Connarus revolutus – A: flowering branchlet; B: leaflet abaxial surface showing venation and revolute margin; C: longistylous flower, sepals and petals removed on one side; D: flower, side view; E: ovary, side view; F: ovary, side view, cut open to show ovules; G: fruit, external view. – Drawn by Maíra Mezzacappa from A. O. Giaretta & M. M. Monteiro 673 (RB), D. A. Folli 6726 (ESA) and D. A. Folli 7410 (ESA).

Additional specimens examined — Brazil: Bahia: Porto Seguro, Trancoso, estrada Porto Seguro à Trancoso, –16.566331, –39.168533 [16°33′58.8″S, 39°10′06.7″W], 12 Sep 2010, fl. bud, D. A. Folli 6726 (CVRD, ESA, UB). — Espírito Santo: Conceição da Barra.
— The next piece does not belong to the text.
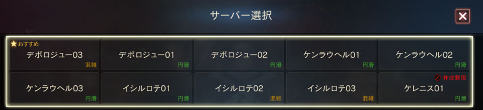 必ずプレイするサーバーを選択してから、キャラクターの作成を行いましょう。

Área 214 da Aracruz Celulose S. A., 5 Nov 1992, fr., O. J. Pereira 4147 (VIES); Área 214 da Aracruz Celulose S. A., 24 Aug 1993, fl., O. J. Pereira & J. M. L. Gomes 4769 (VIES); Área 215 da Aracruz Celulose S. A., 17 Dec 1992, fr., O. J. Pereira 4505 (VIES); Área da Veracruz, 22 Oct 2018, sterile, C. A. P. Toledo & N. C. Bígio 401 (ESA); Lajinha, próximo ao rio São Mateus, seguindo a estrada de terra atrás do campus do CEUNES, próximo ao Bairro Litorâneo, 1 Aug 2007, fl., R. F. A. Martins 162 (VIES); Parque Estadual de Itaúnas, área atrás da Fazenda Jequitaia, 18.4239°S, 397392°W, 12 Oct 2009, fr., A. O. Giaretta & M. M. Monteiro 673 (RB, SAMES, VIES); Linhares, Reserva Natural Vale, 28 Sep 2015, fl., D. A. Folli 7410 (CVRD, ESA, RB, UB); Sooretama, trilha próxima ao herbário, 17 Oct 2018, sterile, C. A. P. Toledo & N. C. Bígio 398 (ESA).